I might have little confusion about Date in android/java. What I know is when calling new Date()
it creates a Date
instance with current UTC date and time, Right ? Because Date
in java don't have any time zone thing, So if I call
new Date().getTime()
I will get a long
value(time stamp) as UTC, not as local time, right ?
And to show date, we use 'DateFormat' and it has time zone info. So when I call DateFormat.getDateTimeInstance().format(new Date())
I will get a string
with local time.
But how do I get long value(time stamp) of local time ?? I found this answer but is that the only way ? or something more simple ?
Thank you :)
So if I call
new Date().getTime()
I will get a long value(time stamp) as UTC, not as local time, right?

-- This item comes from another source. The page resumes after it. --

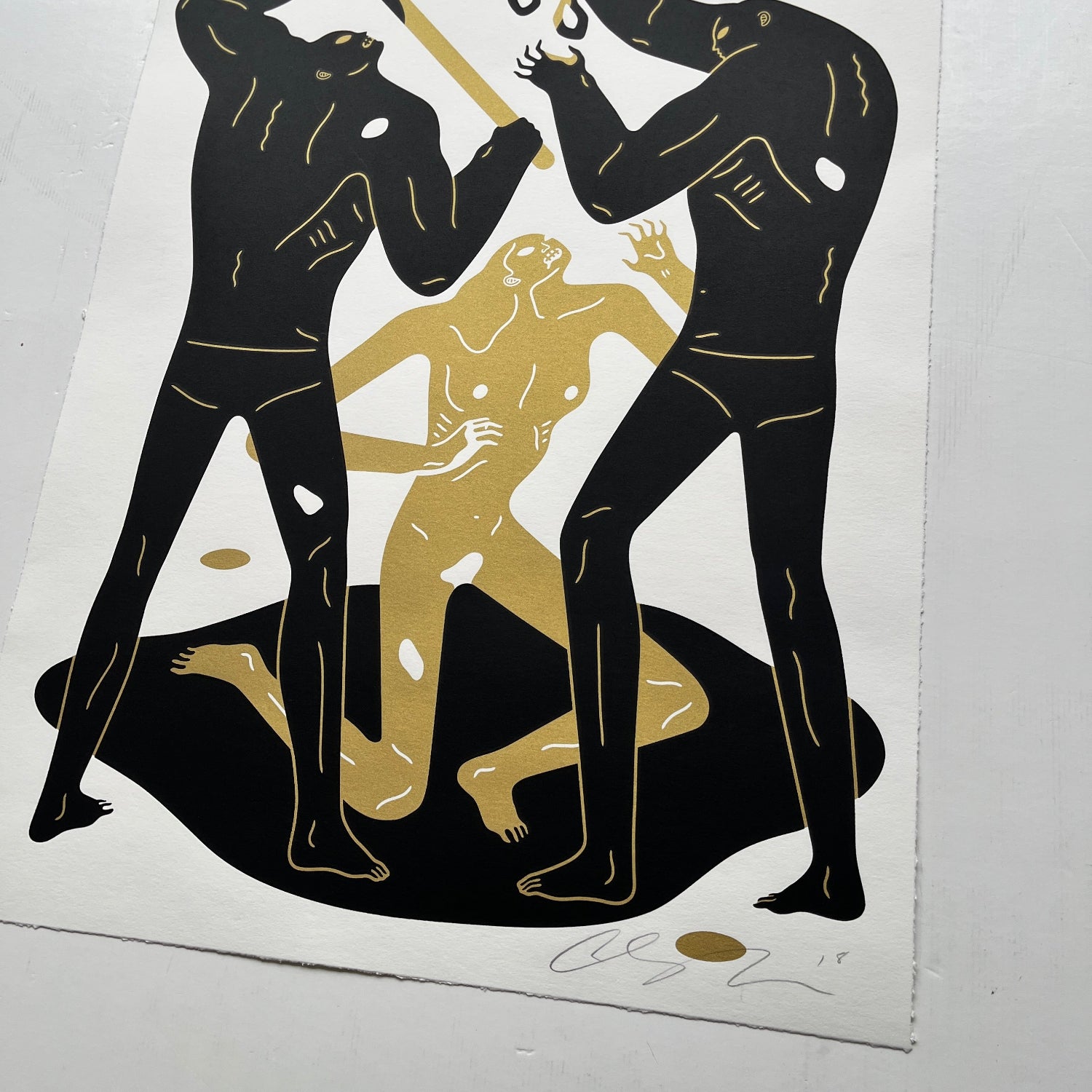 18 x 24" hand pulled black and gold screen print
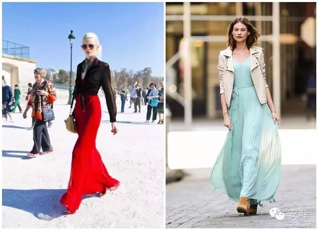 超長裙或者闊腿褲,搭配高跟鞋,打造長腿效果。

Well, it will give you the number of milliseconds since Jan 1st 1970 00:00:00 UTC, yes. It's not "in" UTC particularly; it's just a number of milliseconds since an arbitrary epoch.
But how do I get long value(time stamp) of local time?
You don't, basically. That turns out not to be a particularly useful concept. If you think about it, a timestamp is just an instant in time - it's independent of time zones. You can express the Unix epoch in any time zone; it just happens to normally be expressed in terms of UTC.
If you need the local date/time for a particular timestamp, you just need to remember the timestamp itself and the relevant time zone. If you give us more information about what you're trying to achieve, we may be able to help more.